=== Excerpted records ===

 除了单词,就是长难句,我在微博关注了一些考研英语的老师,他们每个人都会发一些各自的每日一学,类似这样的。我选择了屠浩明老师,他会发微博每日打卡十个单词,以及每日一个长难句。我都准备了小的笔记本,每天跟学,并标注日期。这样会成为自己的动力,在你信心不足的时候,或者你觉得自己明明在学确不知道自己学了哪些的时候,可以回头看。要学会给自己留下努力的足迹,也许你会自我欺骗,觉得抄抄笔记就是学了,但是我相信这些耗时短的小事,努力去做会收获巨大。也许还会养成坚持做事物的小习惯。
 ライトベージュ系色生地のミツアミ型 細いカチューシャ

===
=== Excerpted records ===

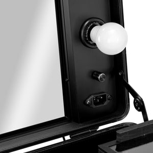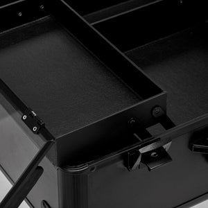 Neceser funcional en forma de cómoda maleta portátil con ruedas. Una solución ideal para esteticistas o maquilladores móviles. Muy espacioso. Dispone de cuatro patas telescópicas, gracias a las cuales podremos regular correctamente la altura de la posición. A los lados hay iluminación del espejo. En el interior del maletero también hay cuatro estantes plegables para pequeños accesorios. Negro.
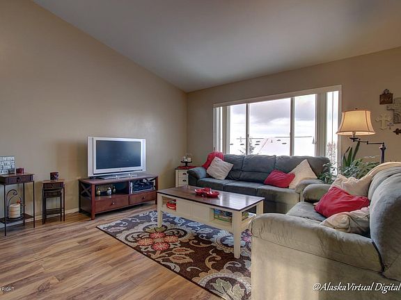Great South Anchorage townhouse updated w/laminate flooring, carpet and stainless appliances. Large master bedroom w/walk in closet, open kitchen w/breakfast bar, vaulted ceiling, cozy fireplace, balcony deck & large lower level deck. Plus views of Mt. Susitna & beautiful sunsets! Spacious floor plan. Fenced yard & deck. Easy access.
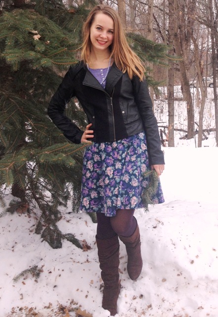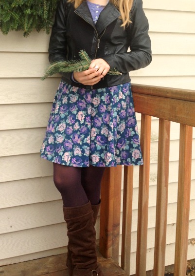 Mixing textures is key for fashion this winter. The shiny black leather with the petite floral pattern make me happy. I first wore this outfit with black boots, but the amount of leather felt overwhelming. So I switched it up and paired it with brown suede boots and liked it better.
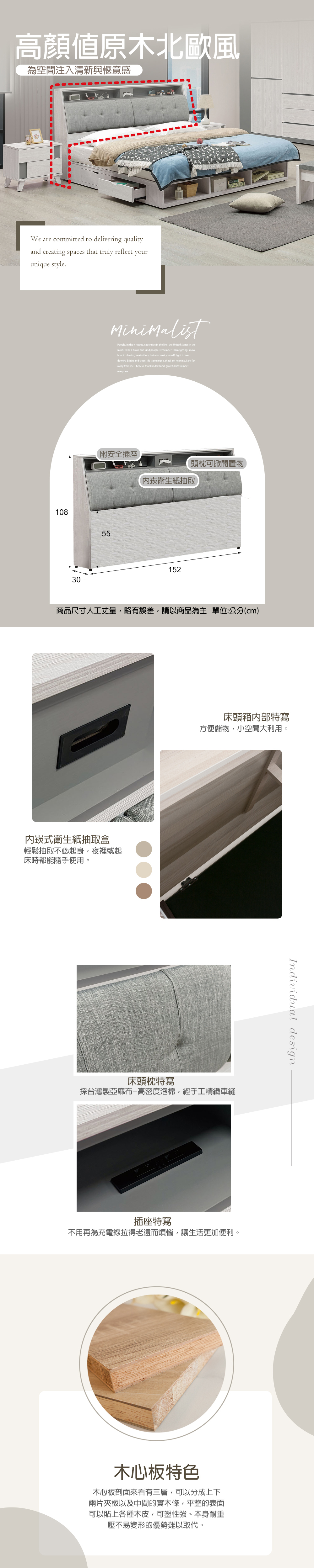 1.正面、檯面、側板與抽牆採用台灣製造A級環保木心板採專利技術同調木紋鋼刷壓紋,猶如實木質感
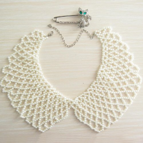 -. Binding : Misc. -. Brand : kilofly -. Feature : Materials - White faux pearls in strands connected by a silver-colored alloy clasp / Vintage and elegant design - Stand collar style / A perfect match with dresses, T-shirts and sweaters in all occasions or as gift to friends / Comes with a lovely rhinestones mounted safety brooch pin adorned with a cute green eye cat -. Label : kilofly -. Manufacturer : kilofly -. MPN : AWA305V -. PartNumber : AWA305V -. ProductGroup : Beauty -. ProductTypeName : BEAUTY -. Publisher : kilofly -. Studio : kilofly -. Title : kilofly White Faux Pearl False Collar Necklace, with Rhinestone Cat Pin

===

- _Exercise details_:
Please give back exactly the lines of the listing above that run from the one containing "除了单词,就是长难句,我在微" through the one containing "ライトベージュ系色生地のミツアミ型 細いカチューシャ", and only those.

- _Output for this task_:
 除了单词,就是长难句,我在微博关注了一些考研英语的老师,他们每个人都会发一些各自的每日一学,类似这样的。我选择了屠浩明老师,他会发微博每日打卡十个单词,以及每日一个长难句。我都准备了小的笔记本,每天跟学,并标注日期。这样会成为自己的动力,在你信心不足的时候,或者你觉得自己明明在学确不知道自己学了哪些的时候,可以回头看。要学会给自己留下努力的足迹,也许你会自我欺骗,觉得抄抄笔记就是学了,但是我相信这些耗时短的小事,努力去做会收获巨大。也许还会养成坚持做事物的小习惯。
 ライトベージュ系色生地のミツアミ型 細いカチューシャ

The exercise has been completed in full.